Integrating Euclidean and non-Euclidean spatial information for deep learning-based spatiotemporal hydrological simulation

Deng L, Zhang X, Slater LJ, Liu H, Tao S

Spatiotemporal deep learning (DL) has emerged as a promising paradigm for hydrological simulation compared with lumped models using basin-averaged inputs. However, existing research primarily focuses on either Euclidean data, characterized by regular structures such as grid-like meteorological forcing, or non-Euclidean data, which features irregular topological connectivity such as downstream information transfer. Here, a novel spatiotemporal DL-based approach is developed to integrate both types of spatial information for streamflow modeling. Our proposed model utilizes convolutional neural network (CNN)- and graph neural network (GNN)-based modules to extract the spatial features of Euclidean and non-Euclidean data, respectively. Spatial-attention mechanisms are incorporated into these modules to automatically focus on important features. Long Short-Term Memory (LSTM) networks are then employed to capture temporal dependencies. The adaptability and response of the spatiotemporal DL-based model to different Euclidean and non-Euclidean inputs are investigated. The proposed model is applied to simulate multi-step and multi-gauge streamflow in the mid-lower Hanjiang River basin (ML-HRB), one of the largest sub-basins of the Yangtze River.
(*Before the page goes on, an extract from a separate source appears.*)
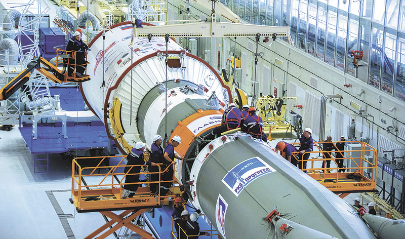Сборка ракеты космического назначения «Союз-2.1б» с космическими аппаратами «Ионосфера-М» №1 и №2 и 53 попутными малыми космическими аппаратами. Фото Космического центра «Восточный» (ЦЭНКИ).

Results show that when integrating Euclidean and non-Euclidean spatial data, the proposed model outperforms comparative models temporally, spatially and spatiotemporally. The average model improvements across all steps and gauges are of 17.75 % for the Nash-Sutcliffe Efficiency coefficient (NSE), 9.02 % for the correlation coefficient (CC), and 14.79 % for the Kling–Gupta efficiency metric (KGE), compared with the commonly-used lumped LSTM model. The simulations of the tributary stream gauges are particularly sensitive to model refinements and spatial input selection. This study sheds light on the potential of integrating different kinds of spatial information for spatiotemporal DL-based simulation.